- [Problem requirements]:
Each line in the entries below that holds the word "para" belongs in the answer.

- [Information]:
* * * * *
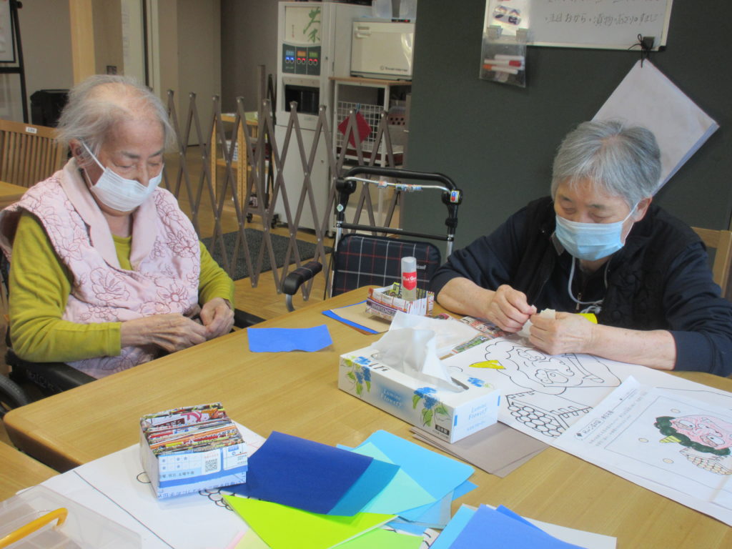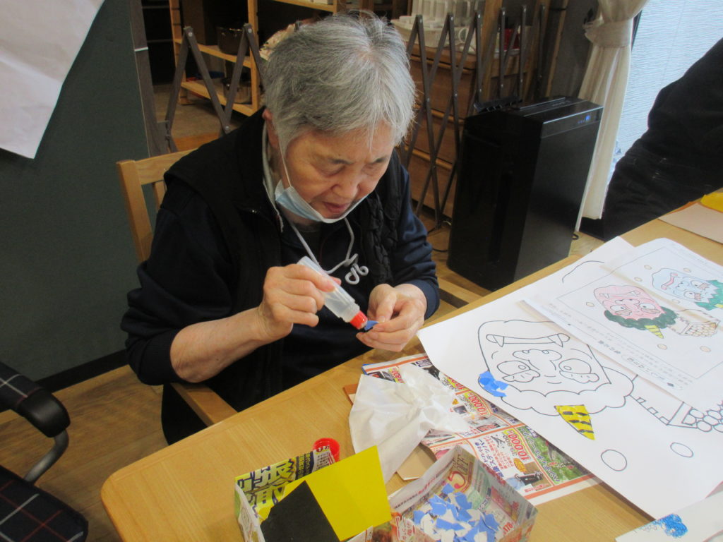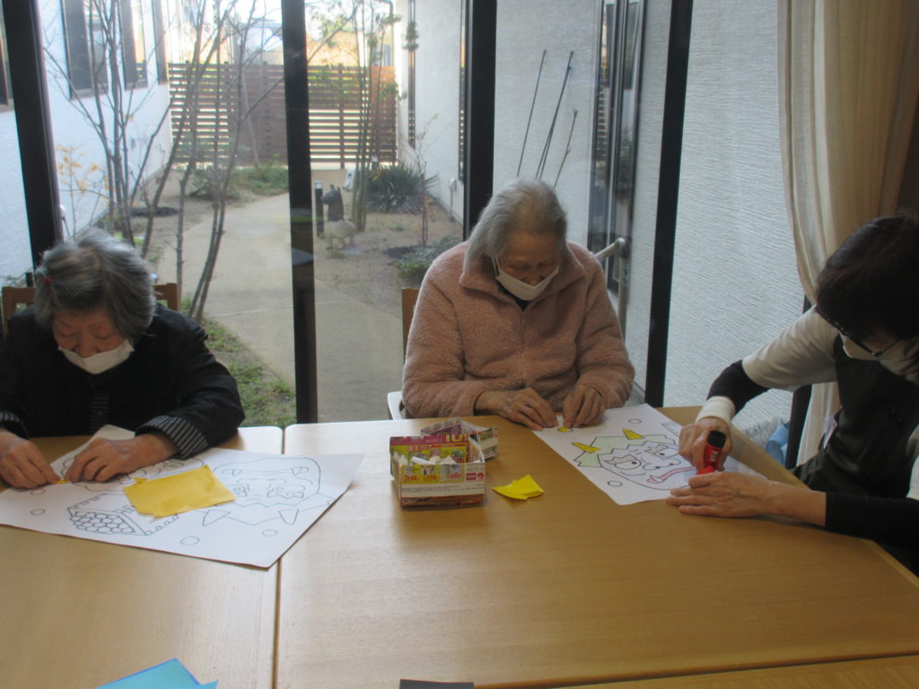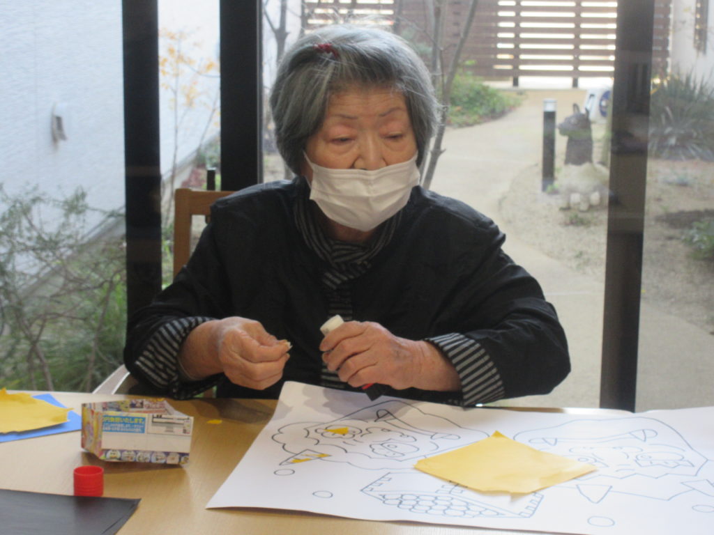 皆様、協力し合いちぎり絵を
* * * * *
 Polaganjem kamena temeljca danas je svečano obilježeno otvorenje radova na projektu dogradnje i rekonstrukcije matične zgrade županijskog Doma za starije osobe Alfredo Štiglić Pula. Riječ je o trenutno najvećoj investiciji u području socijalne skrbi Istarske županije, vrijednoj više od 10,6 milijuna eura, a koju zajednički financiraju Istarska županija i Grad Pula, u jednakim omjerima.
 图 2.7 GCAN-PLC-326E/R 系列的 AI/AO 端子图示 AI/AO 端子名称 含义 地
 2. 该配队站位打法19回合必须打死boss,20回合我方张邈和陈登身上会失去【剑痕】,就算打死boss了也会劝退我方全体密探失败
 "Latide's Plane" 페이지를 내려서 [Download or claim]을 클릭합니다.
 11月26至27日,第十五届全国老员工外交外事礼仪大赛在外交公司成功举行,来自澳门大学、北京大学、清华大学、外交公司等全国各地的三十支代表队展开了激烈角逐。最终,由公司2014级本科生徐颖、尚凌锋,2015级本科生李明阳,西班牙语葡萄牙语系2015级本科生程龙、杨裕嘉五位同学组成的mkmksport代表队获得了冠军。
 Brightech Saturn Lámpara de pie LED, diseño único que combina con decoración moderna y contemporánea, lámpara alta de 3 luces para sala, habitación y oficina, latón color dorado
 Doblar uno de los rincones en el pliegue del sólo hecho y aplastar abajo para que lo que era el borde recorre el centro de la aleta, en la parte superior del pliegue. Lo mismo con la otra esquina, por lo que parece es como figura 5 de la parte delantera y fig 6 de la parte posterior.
* * * * *
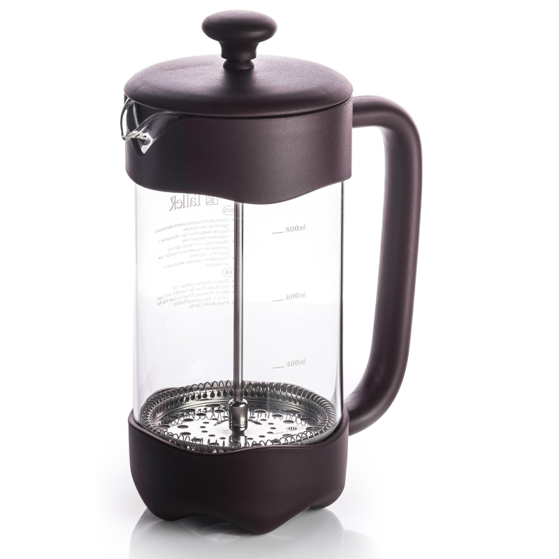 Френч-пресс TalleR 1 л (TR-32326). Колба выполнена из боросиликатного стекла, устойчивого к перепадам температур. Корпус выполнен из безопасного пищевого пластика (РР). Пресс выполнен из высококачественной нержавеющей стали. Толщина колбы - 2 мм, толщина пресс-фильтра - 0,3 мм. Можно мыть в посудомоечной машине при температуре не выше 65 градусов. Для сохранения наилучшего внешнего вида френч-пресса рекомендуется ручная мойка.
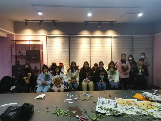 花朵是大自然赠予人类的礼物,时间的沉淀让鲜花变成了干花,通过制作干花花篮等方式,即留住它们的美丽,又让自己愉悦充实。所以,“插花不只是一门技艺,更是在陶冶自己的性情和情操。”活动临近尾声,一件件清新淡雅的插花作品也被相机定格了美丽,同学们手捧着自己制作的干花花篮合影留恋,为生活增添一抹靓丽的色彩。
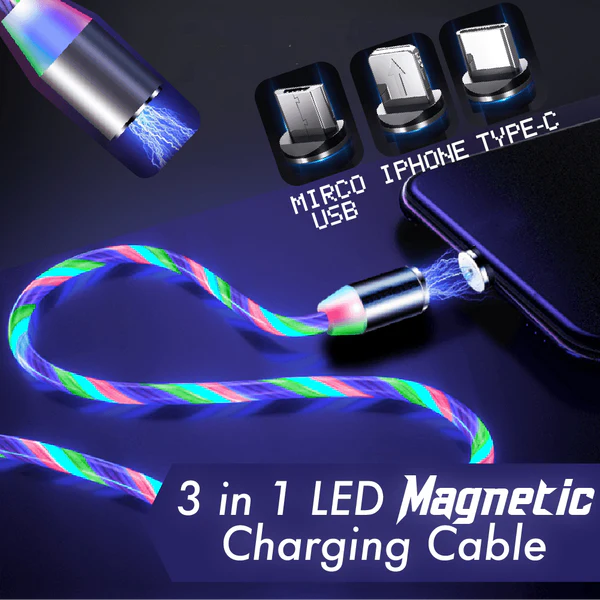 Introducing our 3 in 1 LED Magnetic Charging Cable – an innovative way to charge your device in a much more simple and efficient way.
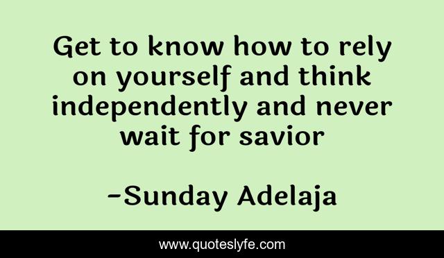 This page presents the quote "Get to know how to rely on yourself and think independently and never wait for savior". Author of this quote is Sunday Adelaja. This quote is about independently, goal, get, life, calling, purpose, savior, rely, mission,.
* * * * *
- [Task output]:
 Brightech Saturn Lámpara de pie LED, diseño único que combina con decoración moderna y contemporánea, lámpara alta de 3 luces para sala, habitación y oficina, latón color dorado
 Doblar uno de los rincones en el pliegue del sólo hecho y aplastar abajo para que lo que era el borde recorre el centro de la aleta, en la parte superior del pliegue. Lo mismo con la otra esquina, por lo que parece es como figura 5 de la parte delantera y fig 6 de la parte posterior.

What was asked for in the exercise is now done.